◆ **Exercise**: Restate the listing that follows word for word, without its pictures.
===============
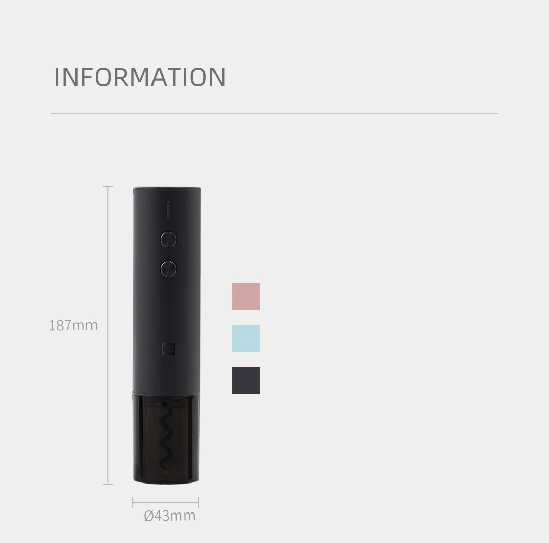 Входное напряжение/мощность: 5 В = 10 ВтЕмкость аккумулятора: аккумулятор 500 мАчМатериал: алюминиевый сплав + пластик PCUSB кабель: Стандартный USB MIC Универсальный интерфейс зарядкиХарактеристики пробки для бутылок: деревянная пробка диаметром 20-24 ммХарактеристики винной бутылки: горлышко бутылки с внешним диаметром ≤ 35 ммШум: менее 56 дБАвтоматическая открывалка для винных бутылок: высотой 187 мм, диаметром 43 ммВес штопор Xiaomi для винных бутылок: 240 г
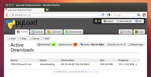 Avviamo il nostro browser e inseriamo il link per accedere a pyLoad (nel mio caso 0.0.0.0:8.0.0.1) e inseriamo il nostro user e password. A questo punto basta andare in Add a inserire i link e la cartella dove verranno scaricati. Una volta inseriti i link partirà il download automaticamente potremo chiudere la scheda del nostro browser senza problemi. Al termine del download troveremo i file nella cartella indicata.
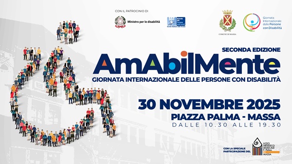 Torna anche quest’anno AmAbilMente, l’evento ideato e promosso dall’amministrazione Persiani per celebrare la Giornata Internazionale delle Persone con Disabilità, appuntamento mondiale dedicato alla piena inclusione e alla valorizzazione delle abilità di ogni persona. La seconda edizione si terrà domenica 30 novembre in piazza Palma, per l’intera giornata, dalle 10:30 alle 12:30 e dalle 15:30 alle 19:30, con un programma ricco di iniziative culturali, musicali, artistiche e sportive.Anche quest’anno la manifestazione è stata realizzata in collaborazione con circa 20 enti del Terzo Settore, associazioni del territorio che operano quotidianamente nel mondo delle disabilità. Accanto a loro saranno presenti gli uffici comunali, l’ASL Toscana Nord Ovest e gli studenti del Liceo Artistico Musicale Palma con una partecipazione speciale prevista all’interno del programma ufficiale. L’edizione 2025 è patrocinata dal Ministro per le Disabilità e dall’ASL Toscana Nord Ovest.Partner ufficiale della giornata sarà Radio Nostalgia, che nel pomeriggio sarà presente in piazza e realizzerà una diretta radiofonica dedicata all’evento, contribuendo a dare voce alle tante realtà protagoniste della giornata.
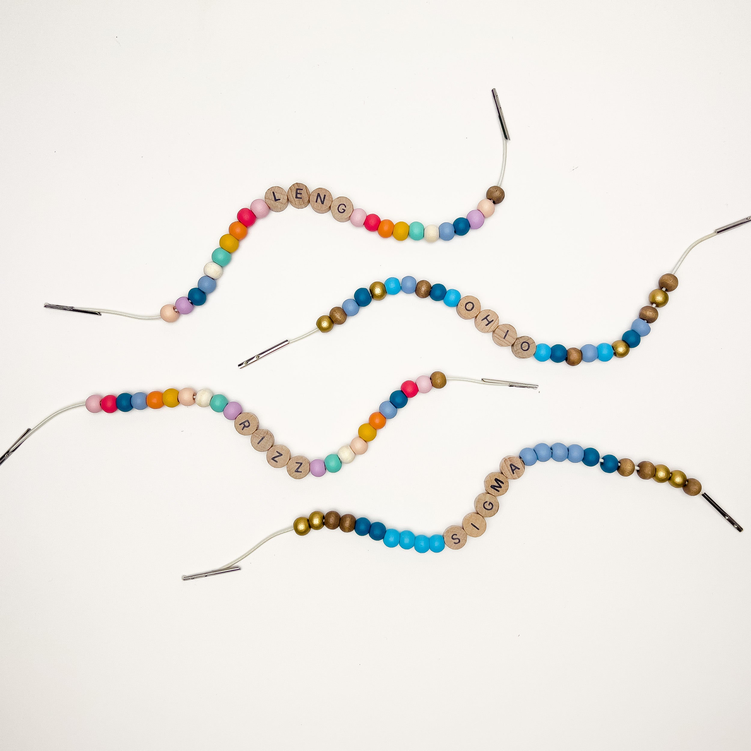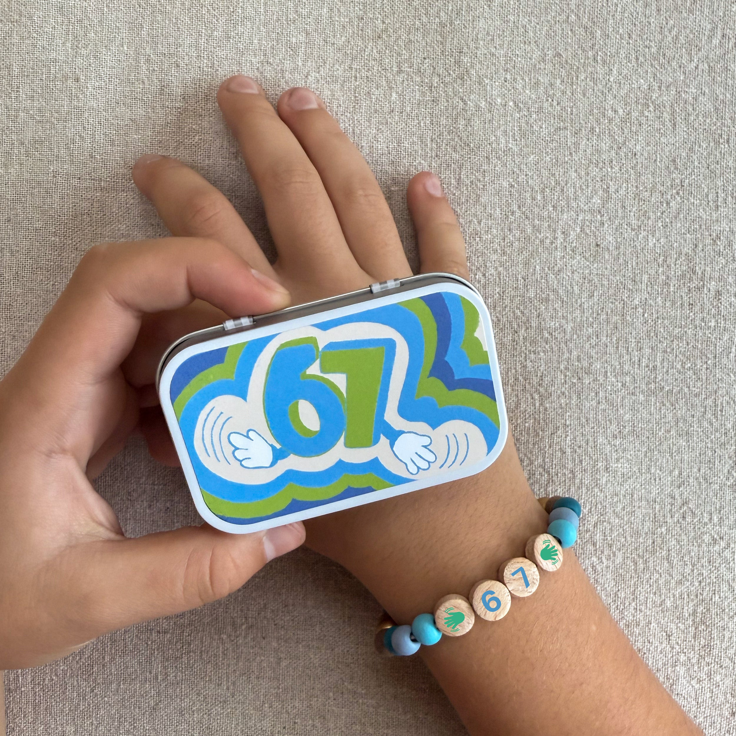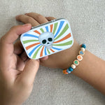 2) Pair your tin with an optional bracelet featuring matching printed letters or symbols, so you can carry your favourite slang with you everywhere.
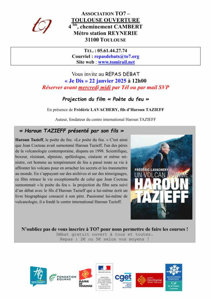 repas débat à TO7 / projection du film « Haroun Tazieff, le poète du feu »
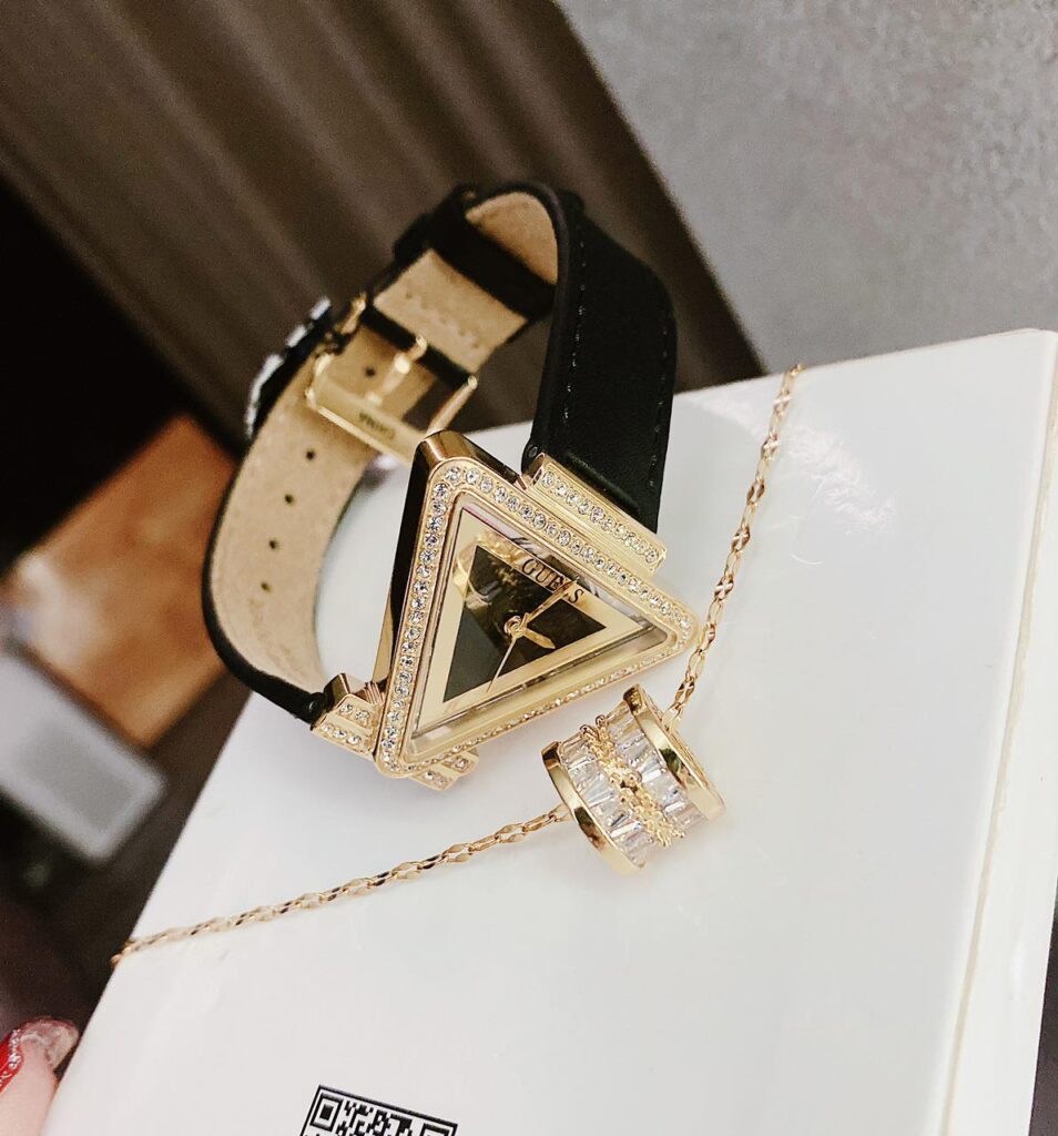 Đồng Hồ Guess. Chính Hãng Nữ GW0504L5 Gold Tone Case Black Leather Ladies Watch
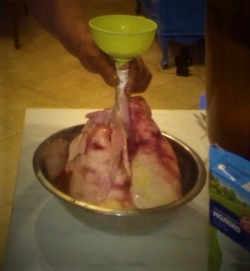 Никогда бы не подумала, что из бараньих легких может получится сыр! Рецепт был подсмотрен у узбеков, которые работают строителями в неподалеку. Баранина излюбленное мясо для этого и других народов средней Азии. Традиционно - это блюдо подают на свадебный стол, но оно может быть приготовлено и просто к завтраку. Для приготовления блюда нам необходимы ЦЕЛЫЕ, неповрежденные легкие барана с горловиной. Около 3-4 литров молока, пачка сливочного масла- 200 грамм, соль, удобнее приготовлять вдвоем. 1. Легкое промыть в холодной воде и надуть через горловину, чтобы легкое растянулось, несколько раз залить в легкое воду и слить, это следует до тех пор пока легкое не станет белым. 2. Далее вставляем в горловину воронку, и вливаем теплое, не горячее молоко около литра, затем вливаем молоко (1 литр) предварительно смешенное с растопленным сливочным маслом и вливаем еще теплое молоко, сколько влезет. Таким образ
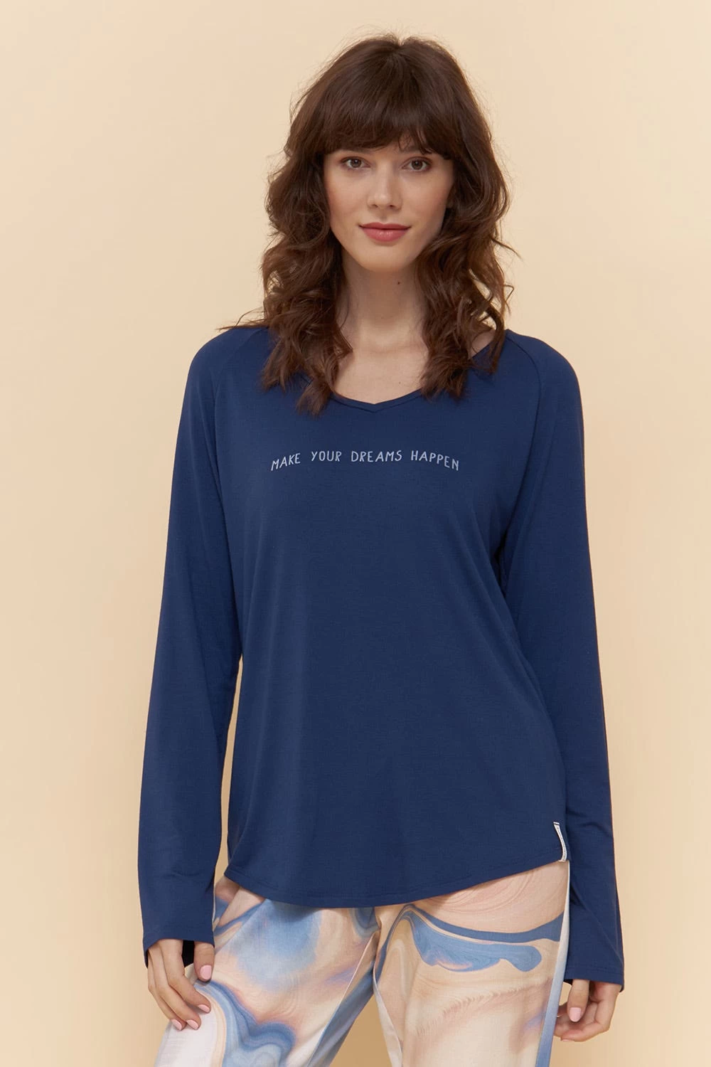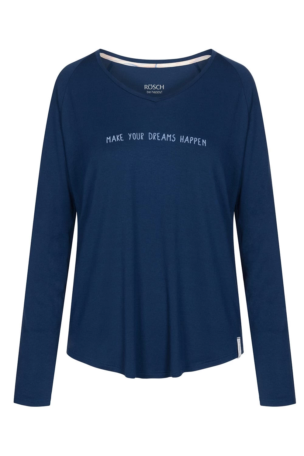Oberteil mit Raglanärmeln, V-Ausschnitt und Schriftzug.
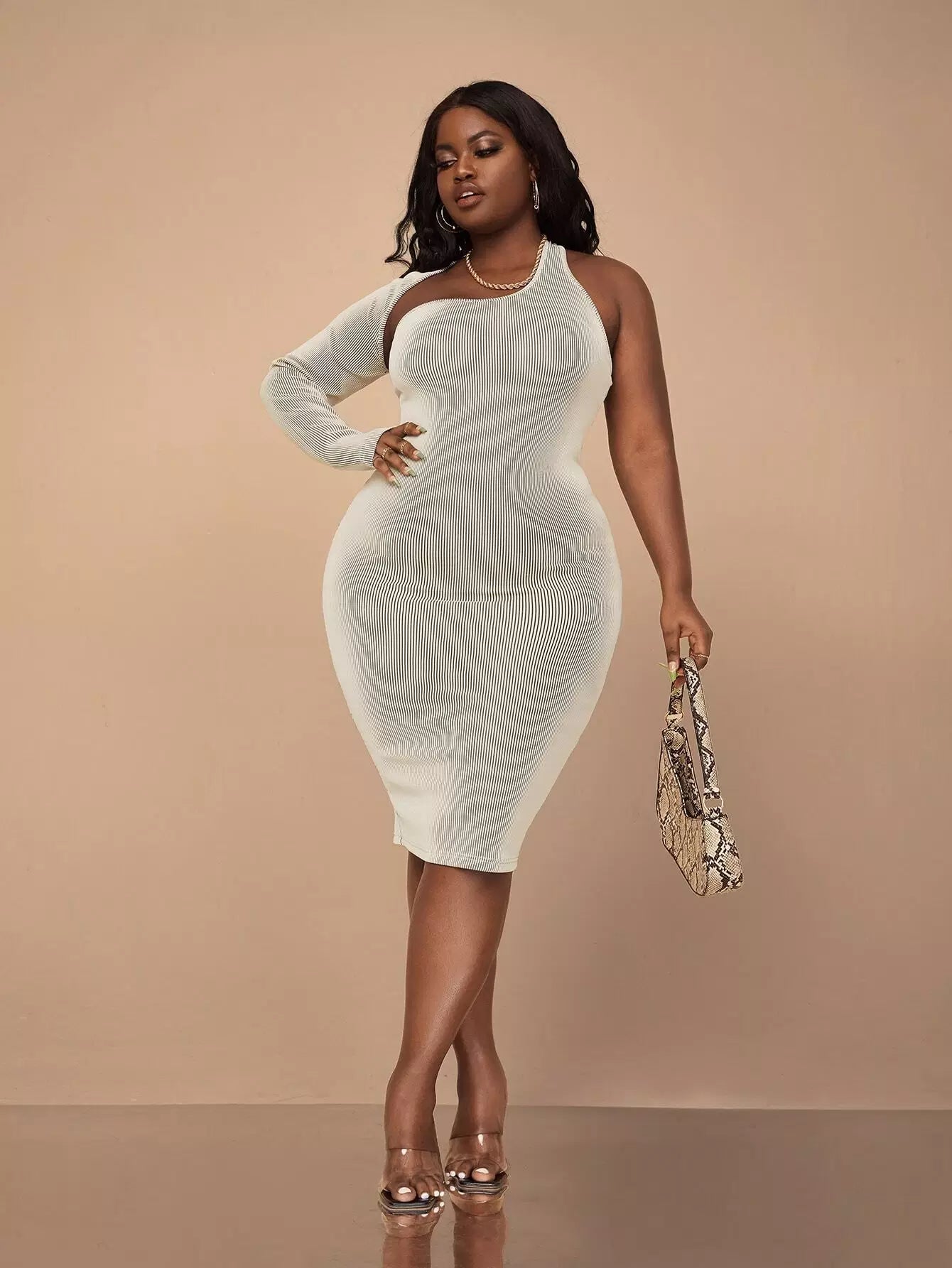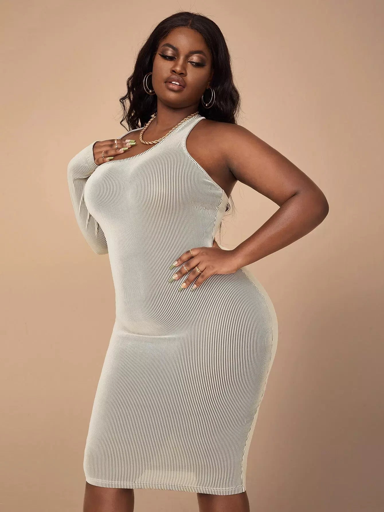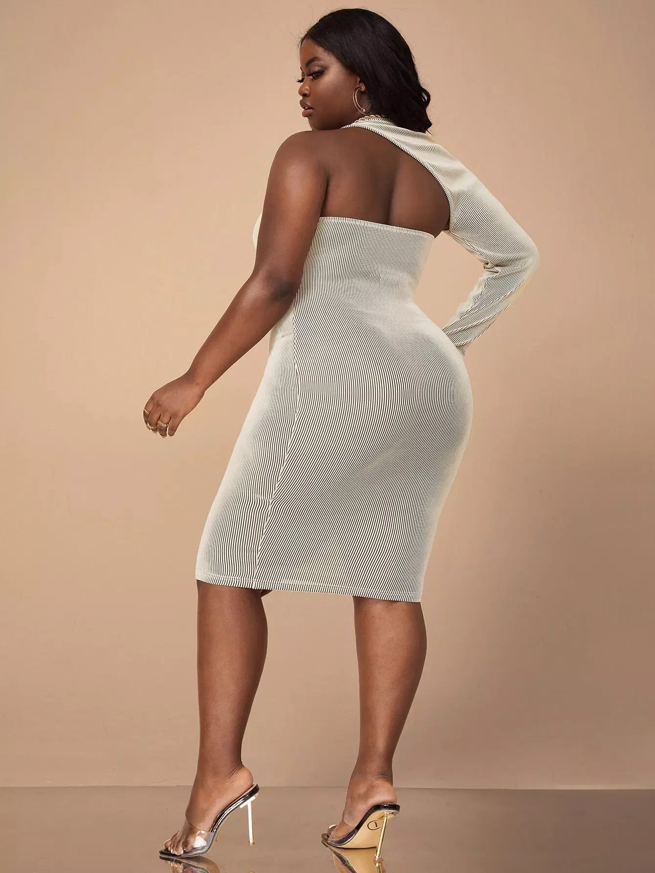 Plus Asymmetrical Neck Bodycon Dress
===============
◆ **Solution to this problem**:
 Входное напряжение/мощность: 5 В = 10 ВтЕмкость аккумулятора: аккумулятор 500 мАчМатериал: алюминиевый сплав + пластик PCUSB кабель: Стандартный USB MIC Универсальный интерфейс зарядкиХарактеристики пробки для бутылок: деревянная пробка диаметром 20-24 ммХарактеристики винной бутылки: горлышко бутылки с внешним диаметром ≤ 35 ммШум: менее 56 дБАвтоматическая открывалка для винных бутылок: высотой 187 мм, диаметром 43 ммВес штопор Xiaomi для винных бутылок: 240 г
 Avviamo il nostro browser e inseriamo il link per accedere a pyLoad (nel mio caso 0.0.0.0:8.0.0.1) e inseriamo il nostro user e password. A questo punto basta andare in Add a inserire i link e la cartella dove verranno scaricati. Una volta inseriti i link partirà il download automaticamente potremo chiudere la scheda del nostro browser senza problemi. Al termine del download troveremo i file nella cartella indicata.
 Torna anche quest’anno AmAbilMente, l’evento ideato e promosso dall’amministrazione Persiani per celebrare la Giornata Internazionale delle Persone con Disabilità, appuntamento mondiale dedicato alla piena inclusione e alla valorizzazione delle abilità di ogni persona. La seconda edizione si terrà domenica 30 novembre in piazza Palma, per l’intera giornata, dalle 10:30 alle 12:30 e dalle 15:30 alle 19:30, con un programma ricco di iniziative culturali, musicali, artistiche e sportive.Anche quest’anno la manifestazione è stata realizzata in collaborazione con circa 20 enti del Terzo Settore, associazioni del territorio che operano quotidianamente nel mondo delle disabilità. Accanto a loro saranno presenti gli uffici comunali, l’ASL Toscana Nord Ovest e gli studenti del Liceo Artistico Musicale Palma con una partecipazione speciale prevista all’interno del programma ufficiale. L’edizione 2025 è patrocinata dal Ministro per le Disabilità e dall’ASL Toscana Nord Ovest.Partner ufficiale della giornata sarà Radio Nostalgia, che nel pomeriggio sarà presente in piazza e realizzerà una diretta radiofonica dedicata all’evento, contribuendo a dare voce alle tante realtà protagoniste della giornata.
 2) Pair your tin with an optional bracelet featuring matching printed letters or symbols, so you can carry your favourite slang with you everywhere.
 repas débat à TO7 / projection du film « Haroun Tazieff, le poète du feu »
 Đồng Hồ Guess. Chính Hãng Nữ GW0504L5 Gold Tone Case Black Leather Ladies Watch
 Никогда бы не подумала, что из бараньих легких может получится сыр! Рецепт был подсмотрен у узбеков, которые работают строителями в неподалеку. Баранина излюбленное мясо для этого и других народов средней Азии. Традиционно - это блюдо подают на свадебный стол, но оно может быть приготовлено и просто к завтраку. Для приготовления блюда нам необходимы ЦЕЛЫЕ, неповрежденные легкие барана с горловиной. Около 3-4 литров молока, пачка сливочного масла- 200 грамм, соль, удобнее приготовлять вдвоем. 1. Легкое промыть в холодной воде и надуть через горловину, чтобы легкое растянулось, несколько раз залить в легкое воду и слить, это следует до тех пор пока легкое не станет белым. 2. Далее вставляем в горловину воронку, и вливаем теплое, не горячее молоко около литра, затем вливаем молоко (1 литр) предварительно смешенное с растопленным сливочным маслом и вливаем еще теплое молоко, сколько влезет. Таким образ
Oberteil mit Raglanärmeln, V-Ausschnitt und Schriftzug.
 Plus Asymmetrical Neck Bodycon Dress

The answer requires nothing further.